Changes in metabolite pooling over progressive time scales for the non-chronic hemolytic variants (A+ and A-; these patients exhibit a relatively mild form of hemolytic anemia [17]) were very similar to the normal cell (Additional file 2, Figures 1, 2, 3), with the significant differences in pooling between metabolites occurring between members of the pentose phosphate pathway and some of the nucleotide precursors. The chronic hemolytic anemia variants in contrast, exhibited more pronounced changes in the dynamic sequence of interactions. The largest differences involved; 1) interactions between the oxidative branch of the pentose phosphate pathway and the first half of glycolysis, and 2) interactions among members within the non-oxidative branch of the pentose phosphate pathway and the nucleotide salvage pathway metabolites. The alterations in dynamics of the oxidative branch in the pentose phosphate pathway resulted in disruptions of the interactions between the different pathways on slower time scales (Figure 6).
Considering network functions in the context of the functional pools described in the middle panel in Figure 1, a summary of the alterations in metabolic states under increased redox loads of the six genetic variants considered are shown in Figure 7. The areas of the boxes reflect the size of the respective metabolite pools at the steady state. It is immediately apparent that the chronic hemolytic variants have substantially reduced abilities to counteract oxidative stresses.
Additionally there were changes in the dynamics of the chronic hemolytic variants, primarily among the metabolites that contribute to the adenosine phosphate potential and the pentose phosphate potential. The last four variants exhibited altered dynamic interactions among members of the nucleotide salvage pathways and the non-oxidative branch of the pentose phosphate pathway. These changes are denoted by slanted arrows in Figure 7.
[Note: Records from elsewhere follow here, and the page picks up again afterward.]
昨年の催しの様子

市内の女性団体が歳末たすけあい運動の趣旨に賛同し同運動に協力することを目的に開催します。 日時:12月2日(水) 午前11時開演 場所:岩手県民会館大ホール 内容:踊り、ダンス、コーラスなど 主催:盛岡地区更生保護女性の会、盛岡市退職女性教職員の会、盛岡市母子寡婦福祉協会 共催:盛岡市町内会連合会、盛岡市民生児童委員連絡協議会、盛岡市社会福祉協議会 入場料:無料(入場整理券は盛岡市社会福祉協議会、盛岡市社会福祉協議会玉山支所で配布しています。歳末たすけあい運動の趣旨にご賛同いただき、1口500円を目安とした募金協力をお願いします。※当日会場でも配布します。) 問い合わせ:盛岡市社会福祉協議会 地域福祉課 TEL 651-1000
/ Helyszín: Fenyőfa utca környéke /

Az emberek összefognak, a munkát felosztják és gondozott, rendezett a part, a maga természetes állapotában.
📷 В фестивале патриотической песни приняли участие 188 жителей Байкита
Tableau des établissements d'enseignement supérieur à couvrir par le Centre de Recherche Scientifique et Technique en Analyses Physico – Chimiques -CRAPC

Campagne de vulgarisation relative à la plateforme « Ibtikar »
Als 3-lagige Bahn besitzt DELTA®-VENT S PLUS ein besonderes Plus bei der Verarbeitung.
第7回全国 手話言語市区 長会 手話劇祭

3. Dynamic response of the nRBC to energy loads
Similar computations of interactions among metabolites across time scales were applied to characterize the dynamic response of the nRBC to changes in energy loads (see Additional file 2, Figure 8 and METHODS). As discussed above, when the nRBC responds to an increased energy load, flux through glycolysis is increased at the cost of a reduced flux through the pentose pathway. When the dynamic pooling among metabolites for the nRBC at a normal versus an increased load were compared, there was broad shifting of pooling between metabolites, with significant changes occurring between glycolytic intermediates and adenosine metabolites, and between nucleotide precursors and pentose phosphates.
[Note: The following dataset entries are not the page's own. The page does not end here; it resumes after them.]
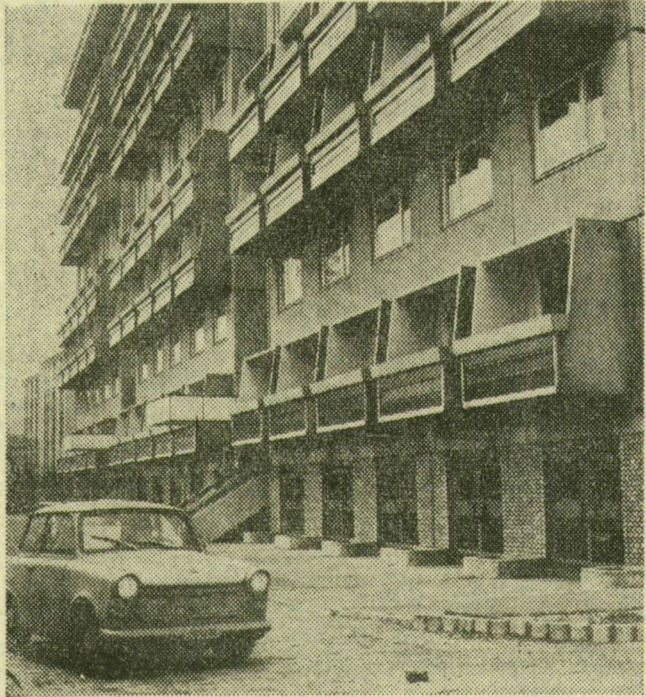
Újszegeden, a Sportcsarnok mellett felépült a fiatalok otthona, vagy ahogy egyszerűbben hívják: garzonház, és megkezdődött a beköltözés

A fiatalok otthonában 300 garzon, hivatalosan mondva lakóegység várja a beköltözőket. Amikor ezt a házat tervezték, azzal az elhatározással adta a tanács a pénzt, hogy ily módon a különölköt, fiatal házasságok, egyedül élőket kultúrált, és olcsóbb lakószobához juttatja, mint amilyen az albérlet. Elsősorban családalapító fiataloknak szánt segítségül van szó. Még pontosabban: a fiatal házaspárok lakásuk felépítéséig olyan elhelyezést kapnak, ahol biztosítani lehet az anyagi feltételek megteremtését. A garzonház néhány évre mindenkinek (maximum 5 év) átmeneti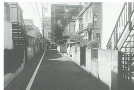
⑤住宅地に設けられた塀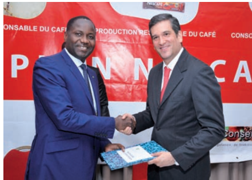
La signature de la convention sur le Plan Nescafé avec le Ministre de l'Agriculture Mamadou Sangafowa Coulibaly et le Directeur Général de Nestlé Côte d'Ivoire, Mauricio Alarcón.

Le Plan Nescafé est notre initiative dédiée à la caféiculture. Ce programme mondial a été lancé officiellement en Côte d'Ivoire depuis le mois de novembre 2014 lors d'une cérémonie de signature d'une convention cadre avec le ministère de l'agriculture.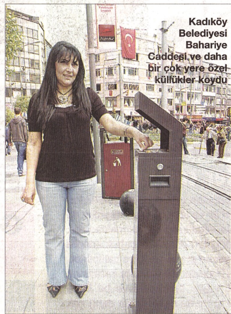
Kadıköy Belediyesi Bahariye Caddesi'ne ve daha bir çok yere özel külükler koydu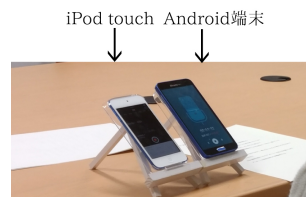
図 1: 実験におけるスマートフォンの設置例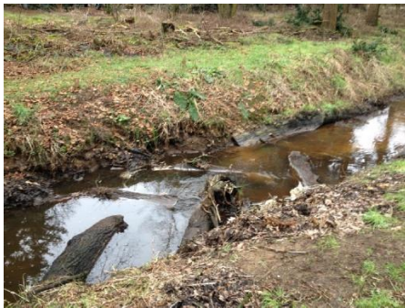
Beekhout in de Snelle Loop in 2013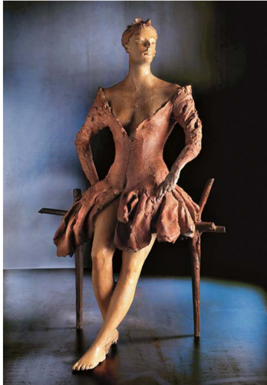
11. PARIS '05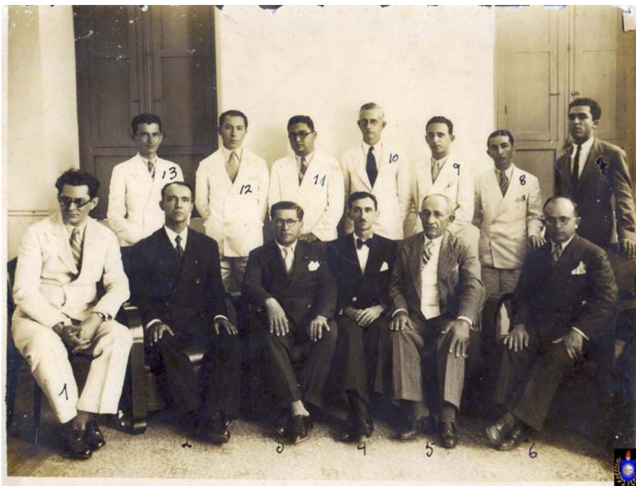
Professores do Atheneu Sergipense (s.d)

A fotografia constitui-se de uma imagem registrada com o objetivo de perpetuar uma memória. Como fonte histórica, ela tem representado importante papel no processo de reconstituição do passado, contribuindo para o conhecimento de realidades que muitas vezes não foram contempladas nos documentos mais tradicionais, a exemplo dos escritos.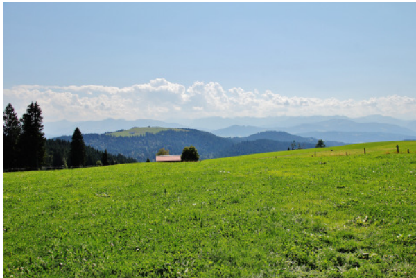
Blick zum Hirschberg und

Nach einer angemessenen Pause gehen wir über die Hochberg Alpe (1.062 m) hinunter nach Schüssellehen (969 m) und weiter nach Mühle (890 m). Dabei haben wir eine freie Sicht auf den Bodensee. Auf einem „Bänke“ können wir das atemberaubende Panorama genießen. Durch Ried (869 m) und am Riedbach (850 m) entlang, kommen wir nach Kurlismühle (851 m) und erreichen über Weienried (835 m) wieder unseren Ausgangspunkt.

Pyruvate Kinase Deficient Cases
In order to characterize the time hierarchical functionality of PK genetic variants, the dynamic pooling correlations were calculated for each vRBC under high-energy load conditions. Each vRBC was then compared to the nRBC under high-energy load conditions (see Additional file 2, Figures 9–15). The salient observations from these computations were: 1) the vRBCs all exhibited comparatively similar patterns of variation from the responses of nRBC (unlike the G6PD variants considered above), and 2) the changes between high and low energy load in the variants were all similar to the changes observed for the nRBC. Since the energy charge remained fairly constant for all of the variants as well, the changes resulting from PK deficiency were reflected primarily as changes in the pool size of available ATP.